If this begins to sound heavy or power-hungry, IMHO we should not shirk from that. We could easily fly bigger balloons for longer, for instance by adding a transponder for air traffic worries, and maybe a high-density power source - I had in mind something like a Wankel engine adapted to work at high altitude. But that's another discussion!
Anyway, those are some initial ideas!
(I should really be in bed but have batted this out over some OJ, chocolate, a cup of tea and a shower!)
Microbiological details :
For instance, Griffin et al Aerobiologia (2008) 24:19-25 claims to have
found non-sporulating bacteria in the high atmosphere. Non-sporulating?? That doesn't make any sense. I wouldn't be at all surprised to find hardy spores from sporulating bacteria. But non-sporulating?
Also, they claim they bacteria didn't show up until they'd cultivated the bacteria for several weeks. Personally, I feel any agar plate or equivalent will grow *something* after long enough, no matter how much you autoclaved the media.

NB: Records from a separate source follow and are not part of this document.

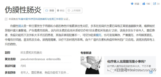 粪菌移植在近代应用于人类一般公认的说法是在1958年,而它的应用并不是用于“减肥”,而是用于治疗一种叫做伪膜性肠炎的消化道疾病,听起来没有什么,不就是消化系统疾病吗?你可不能小看这个“伪膜性肠炎”,它的致死率可高达75%,为什么这么高呢?我们百度一下就知道:它是一种因使用抗生素等原因所致的一种医源性疾病,对于重症患者西医常规治疗手段是难以奏效的。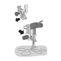 Den fjädrande funktionen hjälper till att kontrollera tyget och ger jämna stygn även vid högre hastighet, samtidigt som den skyddar tyget från att lyfta med nålen. Passar utmärkt för både tunna och medeltjocka material.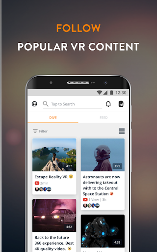 Fulldive is a 100% user generated virtual reality (VR) content and navigation platform. It is also a social platform that allows you to follow what your friends watch, react, and comment on, and share your favorite reacted videos. Fulldive allows you to browse and view a new generation of media, such as watching 3D and 360 photos and videos, and also browse the Internet like never before.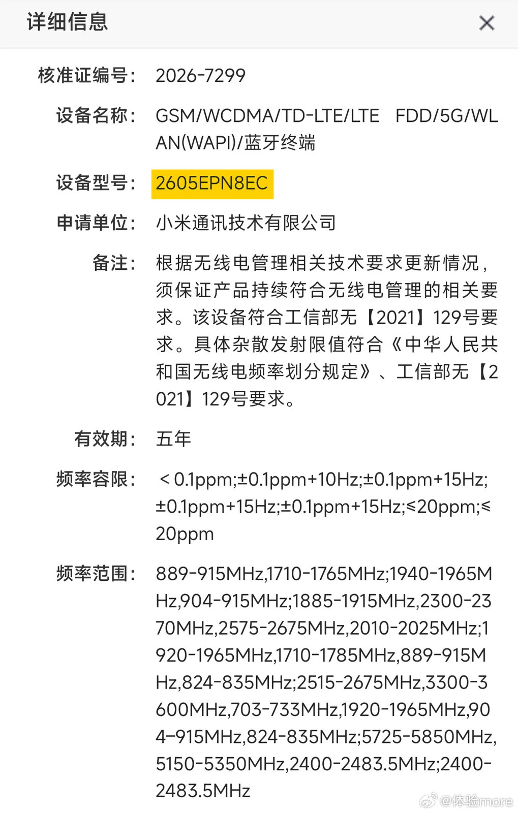 In particolare, diverse fonti hanno osservato che l'SRRC ha certificato il misterioso '2605EPN8EC' per la vendita in Cina. Dal solo numero di modello, possiamo dedurre che Xiaomi intende offrire il dispositivo nel suo mercato nazionale nel maggio 2026. A questo punto, però, resta da vedere se ciò avverrà.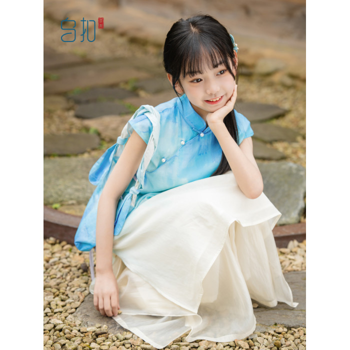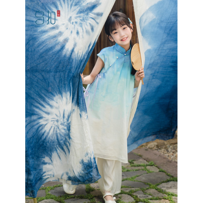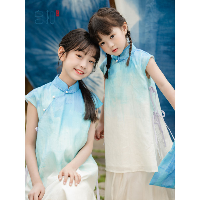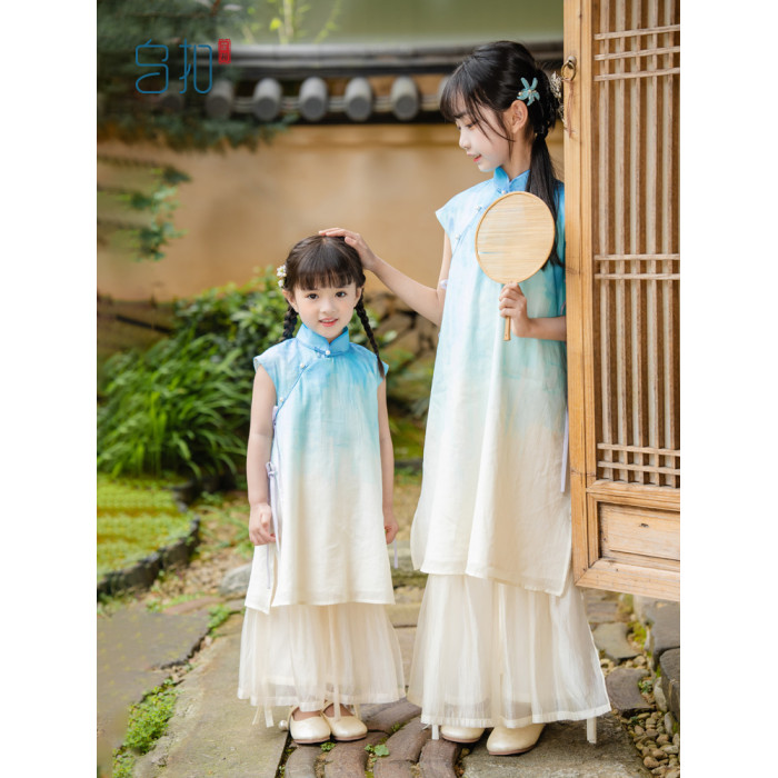 烏釦.徽因 女童旗袍夏款兒童民國風新中式古風套裝親子裝夏季薄款

Finally, they made no allowances for atmospheric pressure - I can't believe bacteria grow the same at 0.01 bar versus 1 bar on the ground. Surely an aerophile will just roast itself with massive oxidative respiration? (Unless there's negative feedback regulation for occasional excursions to lower altitude... Interesting...)
PS and finally, how did I find out about VRS?:
A wikipedia binge as follows:
Iranian satellite launch
Iranian space program
Iranian hostage crisis
Failed american rescue mission
VSTOL Hercules C130 designed for above
V22 Osprey tiltrotor (also VSTOL)
V22 Osprey crashes
Vortex rotor state! (Has caused V22 crashed due to VRS from the rotor blades).